From 68d8776e5a7cca5d8e6873d9b21d0602b68bed39 Mon Sep 17 00:00:00 2001
From: Ming Lei <ming.lei@redhat.com>
Date: Wed, 16 Oct 2024 21:48:47 +0800
Subject: [PATCH 53/63] ublk: don't allow user copy for unprivileged device

ANBZ: #32233

commit 42aafd8b48adac1c3b20fe5892b1b91b80c1a1e6 upstream.

UBLK_F_USER_COPY requires userspace to call write() on ublk char
device for filling request buffer, and unprivileged device can't
be trusted.

So don't allow user copy for unprivileged device.

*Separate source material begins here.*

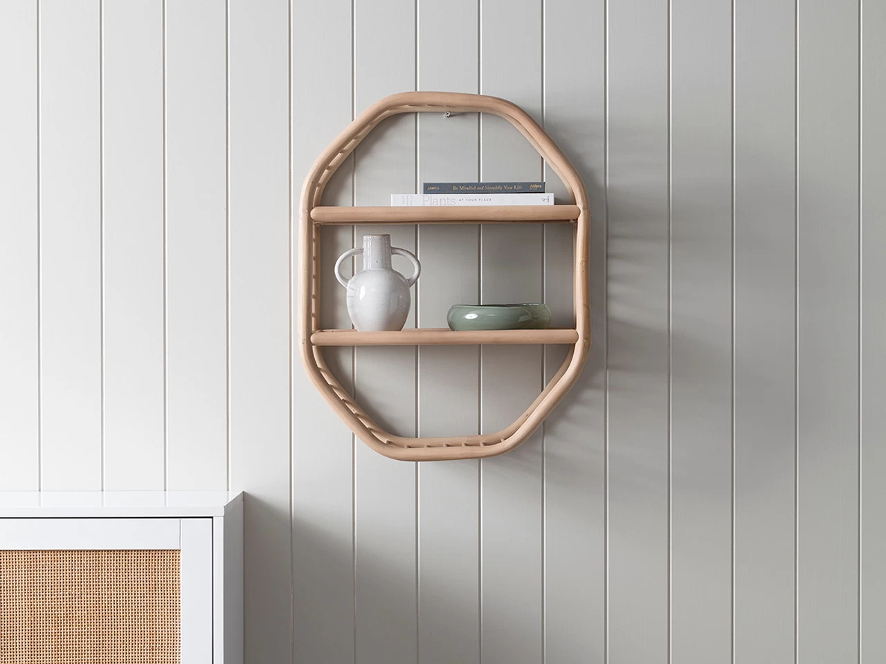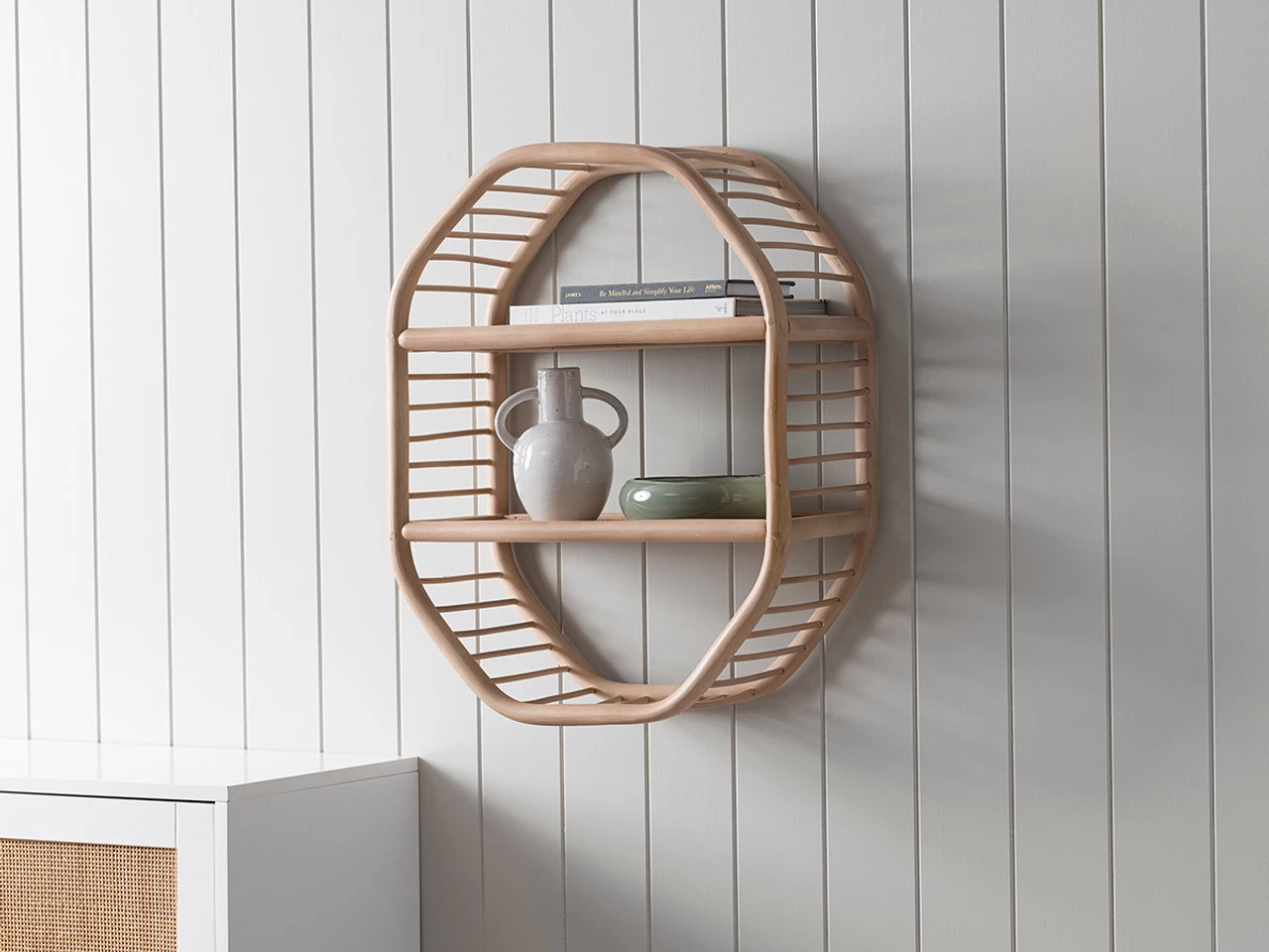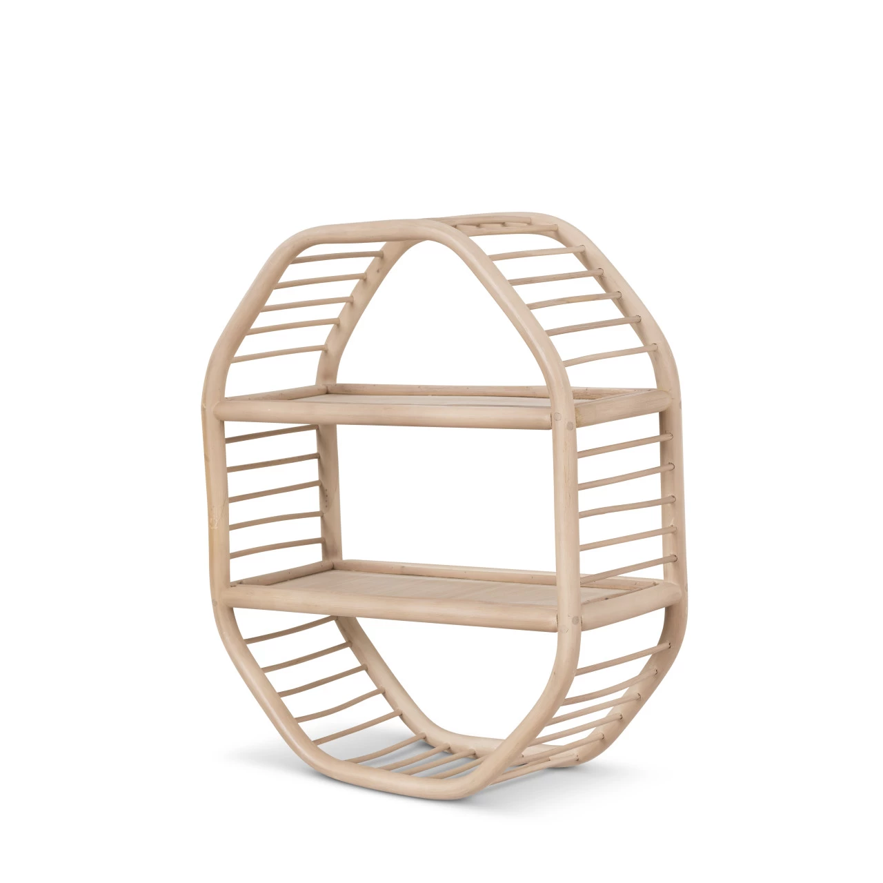 The Marvin Rattan Hexagonal Wall Shelf is a striking, unique floating shelf to add to your home. Made from rattan, this hexagonal floating shelf is easy to hang flush against a wall and adds a stylish shelving option to a room. Featuring two shelves, it is perfect for styling books, photos, plants, and other lightweight décor. The eye-catching, hexagonal shape makes this a gorgeous feature above a console table, in a hallway, reading nook, or on any wall in your home. With a subtle bohemian vibe, this rattan wall shelf adds natural texture and warm elements into any space.
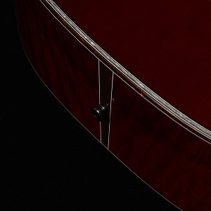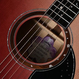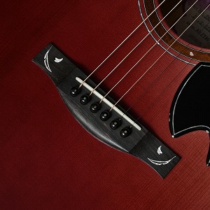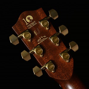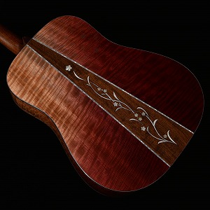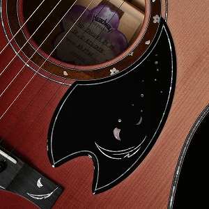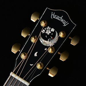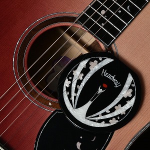 このモデルではヘッドのインレイとサウンドホールカバーに鶴がデザインされていますが、そのデザインは羽で円を描いています。

Cc: stable@vger.kernel.org
Fixes: 1172d5b8beca ("ublk: support user copy")
Signed-off-by: Ming Lei <ming.lei@redhat.com>
Link: https://lore.kernel.org/r/20241016134847.2911721-1-ming.lei@redhat.com
Signed-off-by: Jens Axboe <axboe@kernel.dk>
Signed-off-by: Joseph Qi <joseph.qi@linux.alibaba.com>
---
 drivers/block/ublk_drv.c      | 11 ++++++++++-
 include/uapi/linux/ublk_cmd.h |  8 +++++++-
 2 files changed, 17 insertions(+), 2 deletions(-)

diff --git a/drivers/block/ublk_drv.c b/drivers/block/ublk_drv.c
index 9004ddeb2f00..38f2660b4227 100644
--- a/drivers/block/ublk_drv.c
+++ b/drivers/block/ublk_drv.c
@@ -2336,10 +2336,19 @@ static int ublk_ctrl_add_dev(struct io_uring_cmd *cmd)
 	 * TODO: provide forward progress for RECOVERY handler, so that
 	 * unprivileged device can benefit from it
 	 */
-	if (info.flags & UBLK_F_UNPRIVILEGED_DEV)
+	if (info.flags & UBLK_F_UNPRIVILEGED_DEV) {
 		info.flags &= ~(UBLK_F_USER_RECOVERY_REISSUE |
 				UBLK_F_USER_RECOVERY);
 
+		/*
+		 * For USER_COPY, we depends on userspace to fill request
+		 * buffer by pwrite() to ublk char device, which can't be
+		 * used for unprivileged device
+		 */
+		if (info.flags & UBLK_F_USER_COPY)
+			return -EINVAL;
+	}
+
 	/* the created device is always owned by current user */
 	ublk_store_owner_uid_gid(&info.owner_uid, &info.owner_gid);
 
diff --git a/include/uapi/linux/ublk_cmd.h b/include/uapi/linux/ublk_cmd.h
index b9cfc5c96268..3830b428ecf1 100644
--- a/include/uapi/linux/ublk_cmd.h
+++ b/include/uapi/linux/ublk_cmd.h
@@ -173,7 +173,13 @@
 /* use ioctl encoding for uring command */
 #define UBLK_F_CMD_IOCTL_ENCODE	(1UL << 6)
 
-/* Copy between request and user buffer by pread()/pwrite() */
+/*
+ *  Copy between request and user buffer by pread()/pwrite()
+ *
+ *  Not available for UBLK_F_UNPRIVILEGED_DEV, otherwise userspace may
+ *  deceive us by not filling request buffer, then kernel uninitialized
+ *  data may be leaked.
+ */
 #define UBLK_F_USER_COPY	(1UL << 7)
 
 /*
-- 
Gitee


From 91e9c71ce4938a6397ff157d59e0d36990f9d661 Mon Sep 17 00:00:00 2001
From: Ming Lei <ming.lei@redhat.com>
Date: Mon, 11 Nov 2024 19:07:18 +0800
Subject: [PATCH 54/63] ublk: fix ublk_ch_mmap() for 64K page size

ANBZ: #32233

commit d369735e02ef122d19d4c3d093028da0eb400636 upstream.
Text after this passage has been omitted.